Cross-laminated timber (CLT) is a composite panel product consisting of cross-wisely oriented layers of timber laminations normally bonded by adhesives. In recent years, CLT has gained global popularities among architects and engineers and has been applied in a large number of innovative timber buildings. CLT can be manufactured by timber laminations of different sizes. The lamination thickness can vary from 10 to 50 mm and the width can vary from 80 to 240 mm. So far, design specifications of CLT buildings have not been officially incorporated into most of timber design codes. CLT building design has been largely driven by practitioners with mainly propriety design guidelines. There is still a strong need to develop a better understanding of properties of various CLT products, connection systems as well as the entire building systems for standardization and codification in future.

Rolling shear (RS) stress in wood is defined as the shear stress acting on the radial–tangential plane perpendicular to grain. RS strength of wood is very low compared with its longitudinal shear strength. In Eurocode 5 [1], characteristic RS strength of 1.0 MPa is often used for wood independent of strength classes. For CLT, due to the crosswise layup, high RS stresses may be induced in cross layers under high out-of-plane loads. For example, in a CLT floor supported by columns, high concentrated loads may cause critical RS zone in the supporting area; high bending loads on short-span CLT floors may also cause high RS stresses; or during construction, high RS stresses may occur in the vicinity of anchoring points for lifting. According to European Standard EN 16351:2013 [2], without testing, for CLT made out of common softwood species including Norway spruce (*Picea abies*), the characteristic RS strength may be taken as 1.1 MPa for edge-glued products; for non-edge-glued CLT made out of laminations having a minimum width-to-depth ratio of 4, the same characteristic RS strength 1.1 MPa can also be used. For other cases, 0.7 MPa should be used.

A number of test standards can be used to study shear properties of wood and wood composites. Dumail et al. [3] followed the V-notched beam test method in ASTM D5379 [4] to study shear properties of Norway spruce as well as the relationship between wood density and shear modulus. Dahl and Malo [5] studied orthotropic shear properties of Norway spruce following the Arcan shear test, a similar test method to the V-notched beam test except that the test specimens have a different shape to encourage shear failures. ASTM D2718 [6] provides Method A and Method B to evaluate the RS properties of plywood or other layered wood products.

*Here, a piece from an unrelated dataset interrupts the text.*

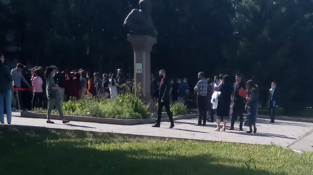 В университете прокомментировали причины возникновения толпы у входа в здание. "Получилось это из-за того, что прибыли студенты из районов, которые, согласно графику выдачи дипломов, не смогли приехать 1 и 2 июля в университет и забрать свой документ. Только сегодня у них получилось приехать в вуз. Вопрос был решен оперативно, выпускникам мы объяснили, что нужно обязательно соблюдать дистанцию и не нарушать правила дистанцирования", - сказала исполняющая обязанности проректора по воспитательной части Жанар Таласпаева.

Method A is the planar shear test (often referred as the two-plate planar shear test) in which shear loads are applied by two metal plates glued onto the surfaces of the wood specimen. Biblis [7] used Method A to study RS modulus of sweetgum plywood. Method B is the five-point short-span bending test. Bradtmueller et al. [8, 9] used Method B to study shear properties of oriented strand board (OSB) and laminated veneer lumber (LVL). Other versions of short-span bending tests have also been used by researchers. For example, Norlin et al. [10] used three-point bending tests to study RS and longitudinal shear strength properties of Douglas-fir veneers in a laminated veneer product. Yoshihara and Furushima [11] used asymmetric four-point bending tests to study the longitudinal shear strength of wood.

Research on RS properties of CLT has been also reported in recent years. Fellmoser and Blass [12] studied the influence of RS modulus on CLT plate stiffness using the bending vibration method. Mestek et al. [13] studied the influence of shear deformation of cross layers on load carrying capacity of CLT beams by conducting three-point bending tests. The influence of wood species, lay-ups, and clamping pressure for curing adhesives on RS strength was also investigated. Zhou et al. [14] used the two-plate planar shear tests and short-span bending tests to study RS strength and stiffness properties of CLT. Lam et al. [15] conducted torque loading tests on CLT shear blocks in which the cross layers were processed to have an annular cross section to facilitate RS failure mechanism. Li and Lam [16] studied RS damage accumulation and duration of load effect on CLT using low cycle fatigue bending tests and a stress-based damage accumulation model.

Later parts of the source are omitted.